I agree that they are not sending spam in this scenario. But neither were the open smtp relays of old. They just passed it through, while allowing the spammers to leech off of the relay’s reputation.
(Just to be clear, I have no knowledge of what happened here in reality. So I don’t know that DW is hosting spam, nor that it was linked to from Facebook. This is just an example of why a domain blocklist might be a totally reasonable option.)
These scam sites are like that - do you really think you can make $30,000 a week working 30 minutes a day from your home computer if you just send these idiot $25?
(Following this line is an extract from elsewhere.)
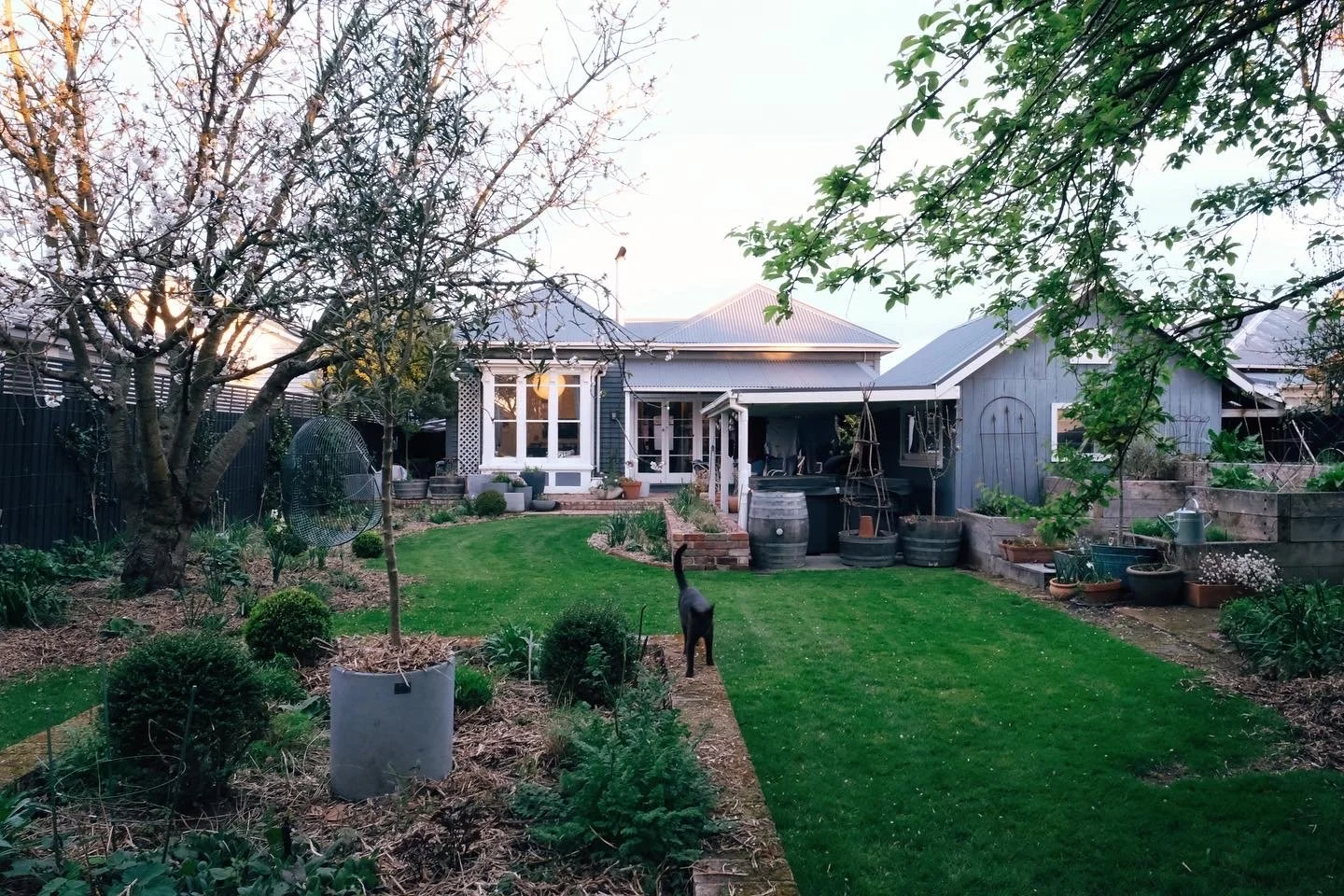 The shadowy end of the garden has a welcome carpet of rambling forget-me-nots. While they were never offered a formal invitation to the property, I find their softness and spread extremely romantic in the crisp brightness of spring. They are punctuated by islands of pink lobelia that seem to have adopted a permanent, self-directed residency in every bright nook and cranny it can find. I have thick fuzzy stands of foxgloves claiming the most awkward of spots, jamming their toes between brick paving and garden edges, but there is no way I can bring myself to pull them out.

There's already a call to control political information when it has harmful effects on society. Next up is "your website was blacklisted because you allowed a user to link to Plandemic". I agree Plandemic has no redeeming purpose, but censorship is not the answer.
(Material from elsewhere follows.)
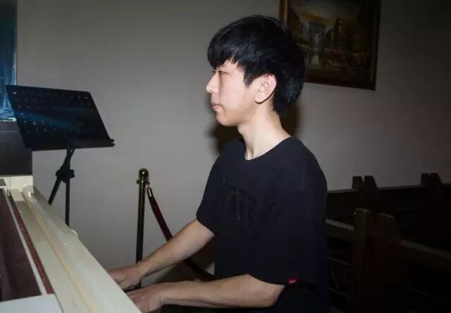 吴女士边上,坐着她的儿子。小伙子叫方诚,如果不是特别说明,很难把他与美国最好的流行音乐院校联系起来。瘦瘦的方诚,穿着vans的短袖,脚上穿一双黑色的篮球鞋。谈吐很朴实,不会像很多留学生一样,聊着聊着,就会蹦出几个英语单词来。但是,一坐在两岸咖啡的三角钢琴前,他马上像换了个人,两只手在键盘上飞舞,动听的音乐立刻吸引了一些客人,大家纷纷拿出手机来拍视频。

I've got no problem with their operation, but YOU are going down a VERY dangerous and slippery slope by saying I can't block domains that clearly host trash because they might host something else.
On my network I can block child porn, malware sites, scam sites and even entertainment sites like youtube. If you are running a service that mixes the content together, then you may be blocked by folks (like me) who don't have time to chase down every (free) subdomain you allow scammers to create.
That is my right. Period. Full stop. That is not censorship.
Folks here get censorship confused. The govt does virtually nothing to stop these scam sites - so they are certainly not being censored. I'm fine if govt does nothing, as long as communities of people can block these places.
And yes, if you run a site on the internet and don't make it slightly difficult for scammers to use your site to host crap, then other folks in the neighborhood will move the heck away from you.
It seems like you're getting confused on what censorship is. https://en.wikipedia.org/wiki/Censorship . Censorship can be done by the government, and it also can be done by sufficiently powerful private entities.
Also, nowhere have I argued that anyone shouldn't block whatever they'd like on their personal infrastructure. Although if you do it to your kids, then you are indeed censoring.
And that is what we are talking about. An obligation to link others
Usually people follow the network -- find one person that's interesting, see who they talk to, and go from there.
Another approach is to see what "interests" are popular and click through to see who shares those/is active: https://www.dreamwidth.org/interests?view=popular
But, TBH, there's a lot of happenstance and serendipity (or are those the same).